At one time Israel knew this was how God saw things. The Bibles earliest parable is the parable of Jotham. [Judges 9:7-15] Jotham knew that the role of the Olive Tree (an emblem of Israel) was to serve God and man, not to be promoted over the other trees. God’s men are never over other men. Alas Israel forgot and pursued God with a prayer to be like the other nations. In came the Gentile power structures and, ultimately, out went the blessing.
the man with two friends
So Adam’s extra blessing was the imparting of all that he needed to fulfil this role. In Gen 1:28 it sounds like a blessing, in Gen 2:15 it sounds like a command. There is no difference; all God’s commands have built-in blessings. Adam, like Abraham later, was hearing God say, “I will bless thee… be thou a blessing”. Only the blest can become blessings. Paul says “I have received of the Lord that which also I delivered”. We must have received something, before we have something to give. A man with a rich friend asked, “Friend, lend me three loaves; for a friend of mine in his journey is come to me, and I have nothing to set before him.” [Luke 11:6] This parable is often called the parable of the importunate friend. It should be called the parable of the man who had two friends; one with a need, and the other with the resource.

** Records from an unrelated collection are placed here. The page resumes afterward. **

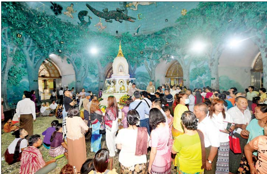
မြန်မာနှစ်ဆန်း တစ်ရက်နေ့တွင် မဟာဝိဇယစေတီတော်မြတ်ကြီး၏ ဂန္ဓကုဋ်တိုက်အတွင်း၌ ဘုရားဖူးပြည်သူများဖြင့် စည်ကားလျက်ရှိသည်ကို တွေ့ရစဉ်။

သတင်း - ဇော်မင်းလတ်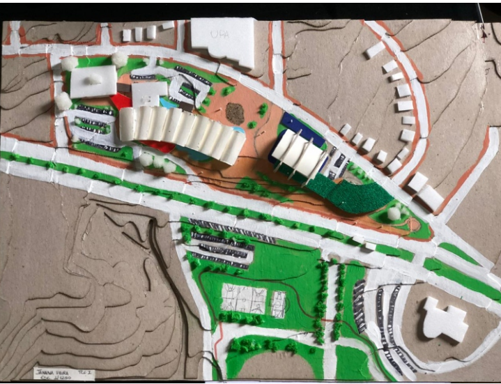
Imagem aérea da maquete e locação dos equipamentos

01 - Local o Centro de Reabilitação voltado para a Avenida Centenária. Aproveitando as árvores de grande porte existentes e criando um bolsão de acesso principal ao equipamento.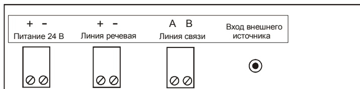
Схема подключения БМ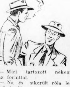
— Mici tartozott nekem száz forinttal. — Na és sikerült róla le gombolnod?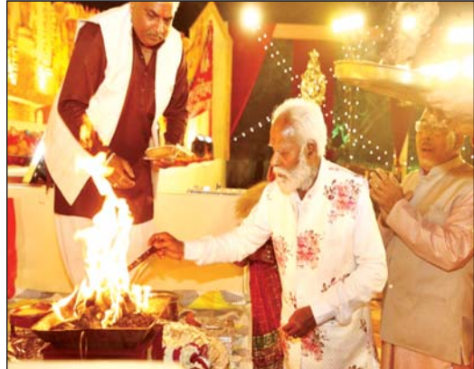
वरिष्ठ संवाददाता (vol)

मल्ल राजवंश के भव्य राजदरबार में विराजे बाबा खादू नरेश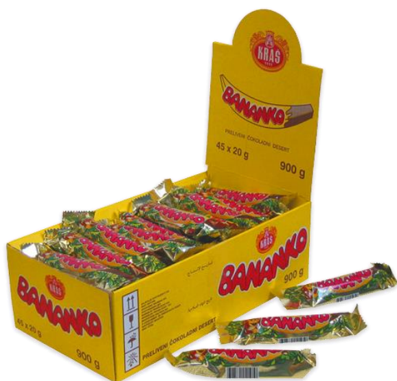
Slika 11. Poslastica Bananko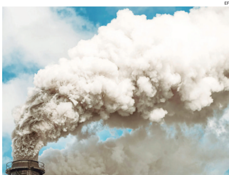
El calentamiento global es consecuencia de la emisión de CO2

minado presupuesto de carbono, (la cantidad de CO2 que aún puede añadirse a la atmósfera sin provocar un aumento de la temperatura global superior a 1,5°C), se agotará en unos cuatro años si el mundo sigue con las emisiones actuales.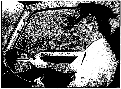
バスの運行が始まってから、若手の運転員4人が町内に移り住んだ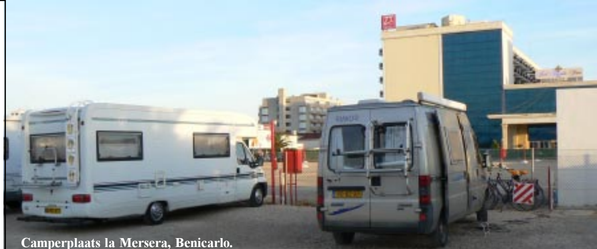
Camperplaats la Mersera, Benicarlo.

De omgeving laten we vandaag voor wat het is. We werken aan de verslagen.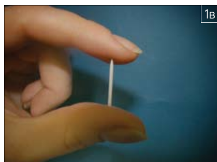
■Рис. 1. Стекловолоконные штифты “Армодент”

Штифты “Армодент” предназначены для пассивной фиксации в полости корня, они не оказывают давления на стенки корня зу-

Abraham was to become the Friend of God. God would have to bring him to a place of personal dependence, where he realised that he ‘had nothing to give’. In his pilgrimage through to that place of obedience and trust he would become God’s Friend, and be perfectly placed to be a man with two friends; one, the nations, with an endless need but the Other, God Himself, with a limitless resource.
Where has God placed me? How can I serve them and guard them?